- Born: April 1926 Constantine, French Algeria
- Died: January 30, 2012 (aged 85) Algiers, Algeria
- Branch: National Liberation Front
- Other work: Politician

= Abdelhamid Mehri =

Algerian politician

Abdelhamid Mehri (April 1926 – 30 January 2012) was an Algerian resistance fighter, soldier and politician.

Born into a destitute family in Constantine, Algeria, Abdelhamid Mehri joined the Algerian People's Party (PPA) at an early age. He studied in Tunisia, and developed contacts with the nationalist Neo Destour party. In Algeria, he became a prominent member of the PPA's successor organization Movement for the Triumph of Democratic Liberties (MTLD), and continued into the Algerian National Liberation Front (FLN), a guerrilla movement fighting for independence from French colonial rule. He was elected member of the GPRA, the FLN's exile government, as minister for Maghreb affairs in 1958; in 1961, he became minister of social and cultural affairs. After Algeria's independence in 1962, he briefly left politics, but gradually gained influence after the 1965 military coup d'état by col. Houari Boumédiène. In 1979, soon after Boumédiène's death, he was made member of the FLN's central committee and slowly rose in the ranks under president Chadli Bendjedid. After the 1988 October riots in Algeria, he succeeded hardliner Mohamed Cherif Messaâdia as FLN secretary-general.

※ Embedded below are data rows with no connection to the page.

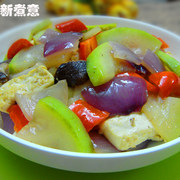 葫芦、洋葱、豆腐、香菇、红辣椒、油、盐、鸡精。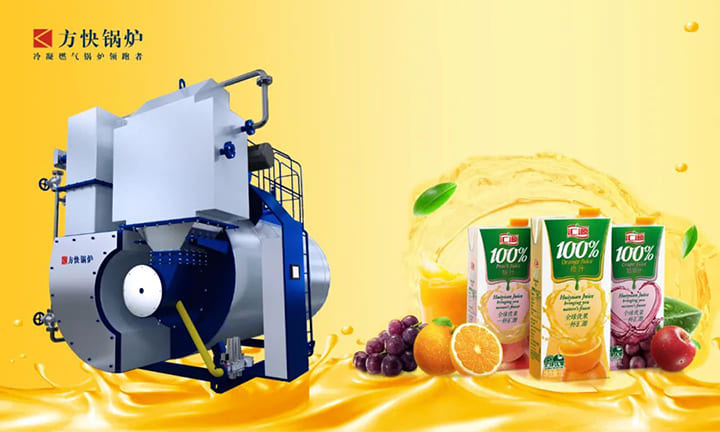 鍋爐是飲料生產(chǎn)過(guò)程中一項(xiàng)必不可少的設(shè)備,為蒸發(fā)濃縮、殺菌、無(wú)菌灌裝等多個(gè)工藝環(huán)節(jié)提供蒸汽,且蒸汽的穩(wěn)定性和品質(zhì)對(duì)濃縮果汁的純度、產(chǎn)量起著十分重要的作用。隨著天氣逐漸炎熱,各類飲品也已進(jìn)入了銷售旺季。為滿足市場(chǎng)需求,產(chǎn)線蒸汽供應(yīng)不足的問(wèn)題顯現(xiàn)。為響應(yīng)國(guó)家節(jié)能減排、環(huán)境保護(hù)工作,經(jīng)過(guò)多家鍋爐廠研究對(duì)比,匯源集團(tuán)對(duì)方快的低氮冷凝鍋爐充滿興趣。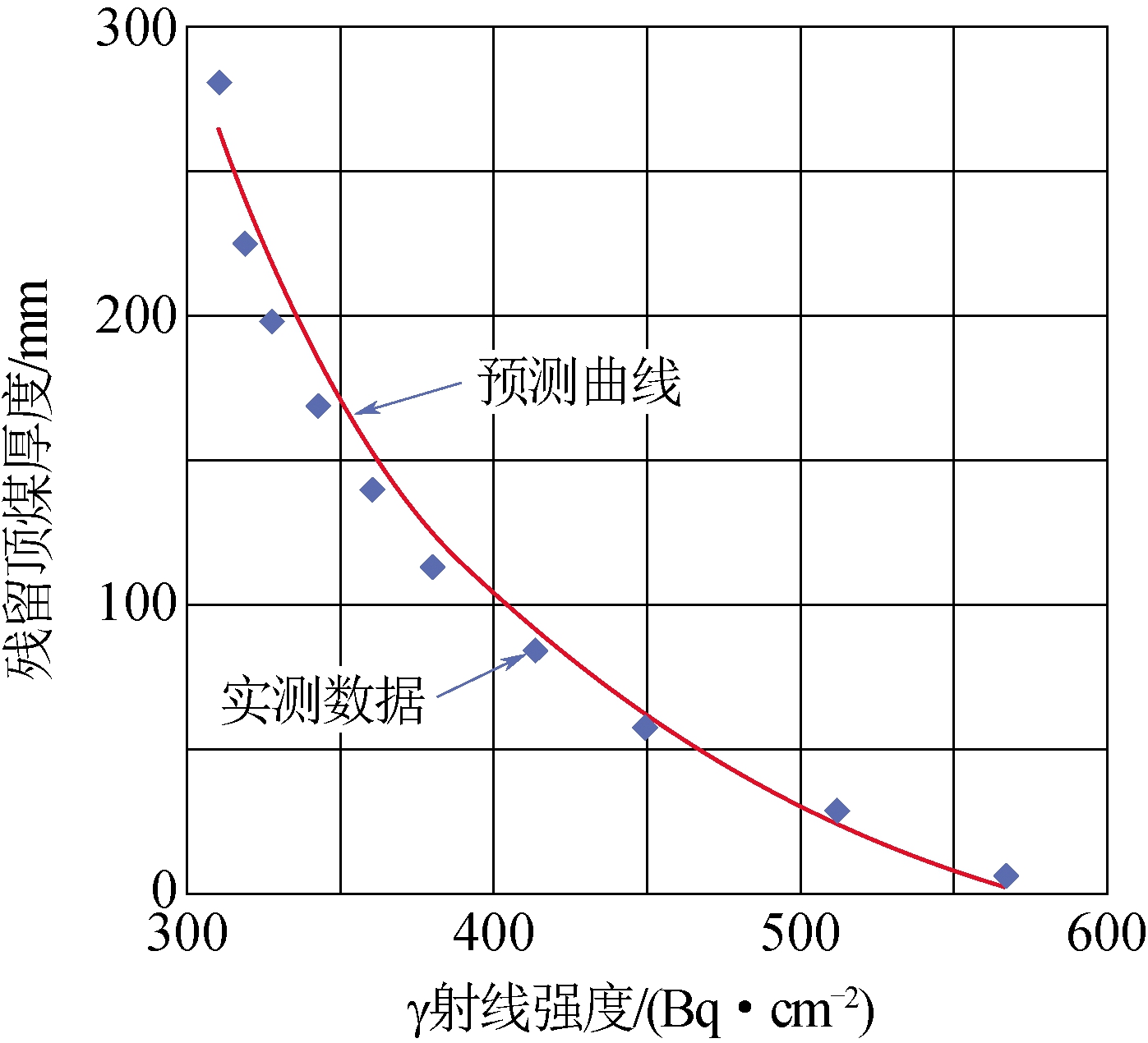 1988年,中国矿业大学北京研究生部孟惠荣等学者在煤矿现场测量了岩层自然γ射线的大量数据,其辐射强度规律如图5所示,泥岩和页岩的放射性强度比煤的放射性高出4倍,泥质沙岩的放射性强度比煤高出3倍[14]。1993年,中国矿业大学北京研究生部秦剑秋等学者改装1台退役的FD-300γ谱仪,使用Cs137源产生脉冲,在门头沟煤矿5号煤层进行了煤岩界面探测试验,煤层厚度与自然γ射线强度如图6所示,对于厚度100~300 mm顶煤的探测误差约为40 mm,对于厚度小于100 mm顶煤的探测误差小于20 mm[15]。

After the subsequent change to a multiparty system, and the 1992 military coup, he brought the FLN into the opposition, and supported the Sant'Egidio platform urging national reconciliation with the Islamist current and the FIS as a solution for the Algerian Civil War, in a clear challenge to the éradicateur military elite that influenced Algerian politics behind the scenes. Soon after, he was gradually ousted from the party's central committee, which thereafter returned to supporting the security establishment. He died, aged 85, in Algiers.